> Your objective: Write out the entries below exactly, but only from the line containing "HLF20 + Drehleiter +++" through the line containing "Tα γκρουπ δυναμικότητας", and without the pictures.

> Material shown:
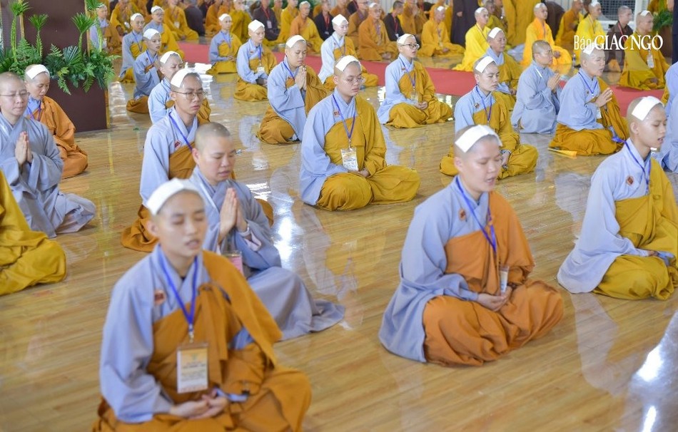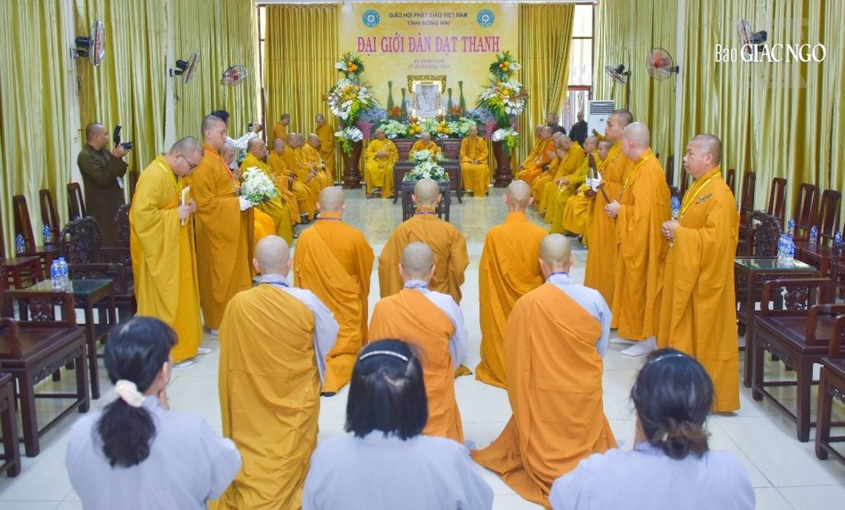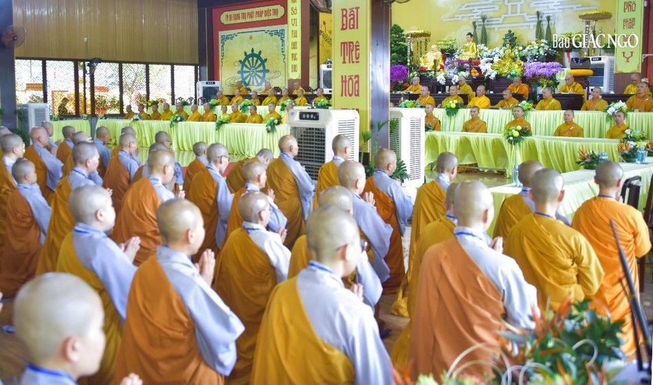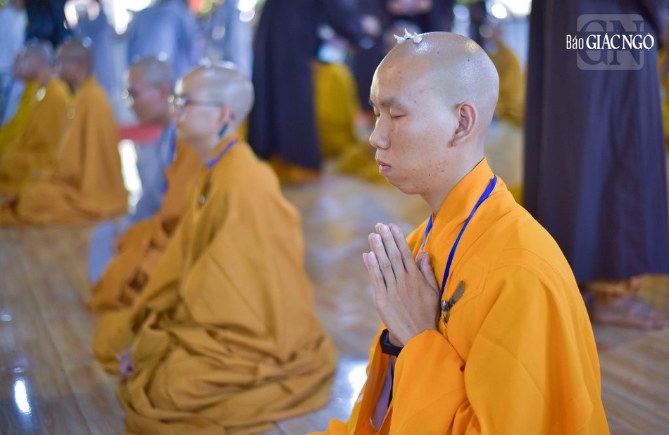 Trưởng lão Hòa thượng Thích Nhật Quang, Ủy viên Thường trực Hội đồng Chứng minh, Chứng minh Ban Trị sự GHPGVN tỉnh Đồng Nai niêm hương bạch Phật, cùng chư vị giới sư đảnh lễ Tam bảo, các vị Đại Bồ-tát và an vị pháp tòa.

...

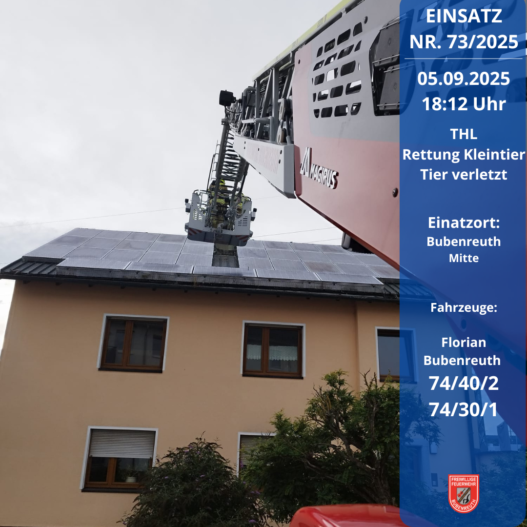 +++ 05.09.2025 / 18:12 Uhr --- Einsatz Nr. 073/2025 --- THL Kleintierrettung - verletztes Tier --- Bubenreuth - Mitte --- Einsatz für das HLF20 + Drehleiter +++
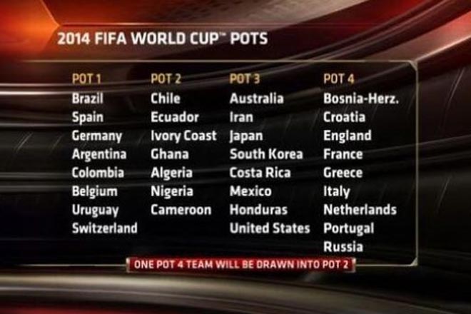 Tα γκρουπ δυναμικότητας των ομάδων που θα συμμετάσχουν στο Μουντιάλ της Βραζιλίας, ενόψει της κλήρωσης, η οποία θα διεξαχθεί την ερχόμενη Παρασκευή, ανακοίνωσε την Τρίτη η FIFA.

> Solution for this exercise:
 +++ 05.09.2025 / 18:12 Uhr --- Einsatz Nr. 073/2025 --- THL Kleintierrettung - verletztes Tier --- Bubenreuth - Mitte --- Einsatz für das HLF20 + Drehleiter +++
 Tα γκρουπ δυναμικότητας των ομάδων που θα συμμετάσχουν στο Μουντιάλ της Βραζιλίας, ενόψει της κλήρωσης, η οποία θα διεξαχθεί την ερχόμενη Παρασκευή, ανακοίνωσε την Τρίτη η FIFA.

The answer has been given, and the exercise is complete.